In 2012 and 2013, Gibson worked as a consultant at North Highland. She later joined the National Labor Relations Board, serving as acting chief human capital officer in 2013 and director of administration until 2014. From 2014 to 2015, she served as associate deputy assistant secretary of the United States Department of Health and Human Services for human resources. She served as director of the District of Columbia Department of Human Resources from 2015 to 2021. In 2021, Gibson was elected as a fellow of the National Academy of Public Administration.

===United States Mint===
In October 2021, Gibson joined the United States Mint as deputy director and acting director.
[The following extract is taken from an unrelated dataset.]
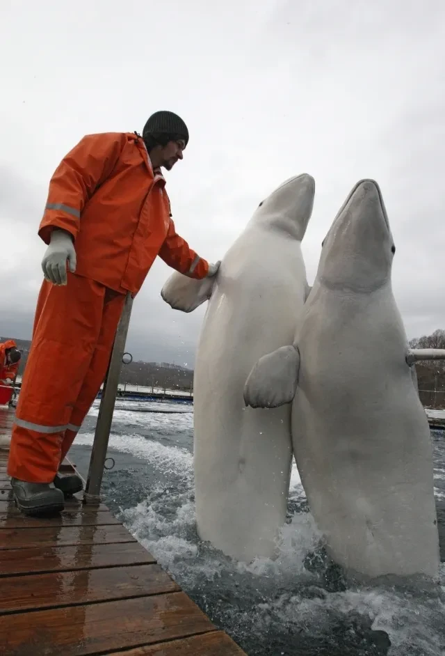 Эта привязанность к тренерам — не новая любовь на века, а условия выживания и психической сохранности. В случае их продажи они все равно сменят тренера, а поймали их именно для перепродажи. Задача сотрудников адаптационной базы — что звучит в самом ее определении — это адаптация свободных животных к неволе, к взаимодействию с человеком в условиях замкнутого пространства и, перво-наперво, к питанию рыбой.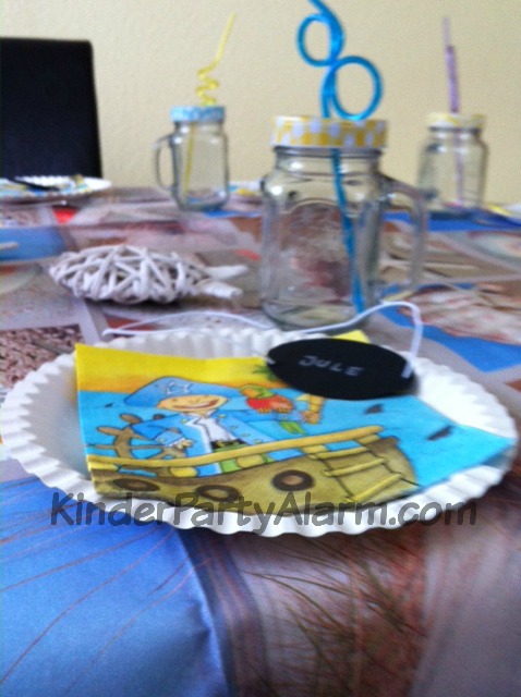 Den Party-Tisch mit Piraten-Geschenkpapier auskleiden und kleine Piraten-Kerzen verteilen.

On December 13, 2021, President Joe Biden nominated Gibson to serve as permanent director of the mint.

On June 15, 2022, the United States Senate confirmed Gibson in a voice vote. During her tenure, to alleviate web traffic issues during high profile product launches, the Mint launched a "waiting room" to prevent crashes.

On October 30, 2024, the Mint launched a redesigned website.

Gibson announced her retirement on March 20, 2025, effective at the end of the month, after being asked to step down by the Trump administration.